Calories, Calories, Calories
In recent years, obesity has been a national concern, since it has been associated with serious conditions like cancer, heart disease, and type 2 diabetes. Controlling total calorie intake is essential to maintaining ideal body weight. If you are trying to lose weight, you will need to expend more calories than you take in. This means getting plenty of exercise and cutting down on foods high in calories.
So how many calories should you be consuming? This depends on several factors, such as age, gender, height, weight, and physical activity level. To keep calories under control, you want to focus on eating foods full of many nutrients, especially potassium, fiber, vitamin D, and calcium. You may want to talk with your doctor or a registered dietitian about an eating plan that is right for you. In general, try to keep calories in check. Aim to meet calorie needs, but not exceed them. Reducing portion size and eating more meals at home are great ways to avoid exceeding calorie needs. In addition, eating foods high in nutrients but lower in calories can help.
Foods to Enjoy
Eat a lot of vegetables and fruits. Fresh fruits and vegetables are lower in calories compared to processed foods. Focus on color when eating fruits and vegetables. Dark green, red, and orange vegetables are especially packed with good-for-you nutrients. When preparing a meal, try and fill half your plate with fruits and vegetables.
Eat a lot of whole grains. Examples of whole grains are brown rice, oatmeal, bulgur, and whole-wheat pasta.
Drink more milk. Focus on low-fat or fat-free milk, cheese, and yogurt.
It is okay to eat certain fats. Some fats are okay to consume in moderation. These are monosaturated or polyunsaturated fats, which are found in foods like nuts and fish.
Power up on protein. Seafood, lean meats, poultry, beans, and soy products are good sources of protein. Be sure to choose protein foods that are low in saturated fat and calories.
Food to Eat Less
Limit refined grains. Examples of refined grains are white bread, corn flakes, grits, regular pasta, and white rice. These foods tend to be high in calories and sugar but low in fiber.
Limit foods containing added sugars. This includes sugar-sweetened drinks.
Limit foods high in saturated fats. This includes certain kinds of meat and dairy products (eg, whole milk, cream, and butter).
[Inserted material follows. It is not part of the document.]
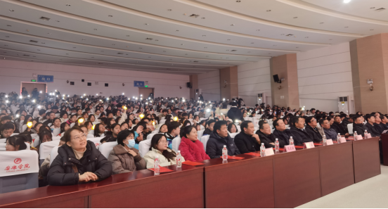 2024年12月30日晚,太阳成集团tyc122ccvip“教韵华章 启智新程”2025年元旦文艺晚会在江南校区大礼堂精彩绽放,公司党委副书记余谦,副董事长屈险峰,组织部部长谢军,宣传部部长田兆杰,学工部部长李岩,教务处处长汪义瑞,保卫处处长王开忠,团委书记周云,评估中心主任付争方,信息管理处处长崔炜荣,学工部副部长赵斌、王璐,就业指导中心副主任郑武斌,团委副书记张慧及安康市阳光公司教导处主任洪昌义受邀出席晚会;太阳成集团tyc122ccvip全体师生700余人共同观看晚会。

Less than 10% of calories should come from saturated fats.
Keep trans fat consumption as low as possible. You can do this by limiting foods containing solid fats and partially hydrogenated oils, such as margarine and baked goods.
Limit foods that are high in cholesterol. Guidelines suggest that Americans limit their cholesterol intake to less than 300 milligrams (mg) a day, 200 mg per day for those at high risk for heart disease.
Limit salt intake. Too much of it can increase your risk for high blood pressure, which can lead to kidney damage, heart disease, and stroke. On a daily basis, adults should consume no more than 2,300 mg of sodium. The amount is much less—1,500 mg—if you are 51 years older or older; African-American; or have chronic kidney disease, diabetes, or high blood pressure.
If you drink alcohol, try to minimize the amount you drink. Women should consume no more than one alcoholic drink a day, while men should consume no more than two drinks a day. Also, keep track of the calories in each drink. Mixed drinks tend to have higher calories.
Preparing Your Plate
Remembering which foods to limit, and which to eat more of, may be daunting. To help you remember, the United States Department of Agriculture created a simple image of a sectioned plate as a guideline for healthy eating. The MyPlate guidelines emphasize nutrient-dense foods and beverages, such as vegetables, fruits, whole grains, fat-free or low-fat milk, beans, and nuts. If remembering how much and what to eat is a chore, you can just keep these simple things in mind to ensure that you are eating well when you sit down for a meal:
- Fill half your plate with fruits and vegetables.
- When eating grains, make sure half your grains are whole grains.
- Choose fat-free and low-fat (1%) milk products.
- Avoid oversized portions.
- Enjoy your food, but be mindful of how much you are eating. Eat less.
- Drink water instead of sugary drinks.
- When cooking, limit the amount of salt you add to the recipe. And when sitting down for a meal, limit the amount you sprinkle on your food.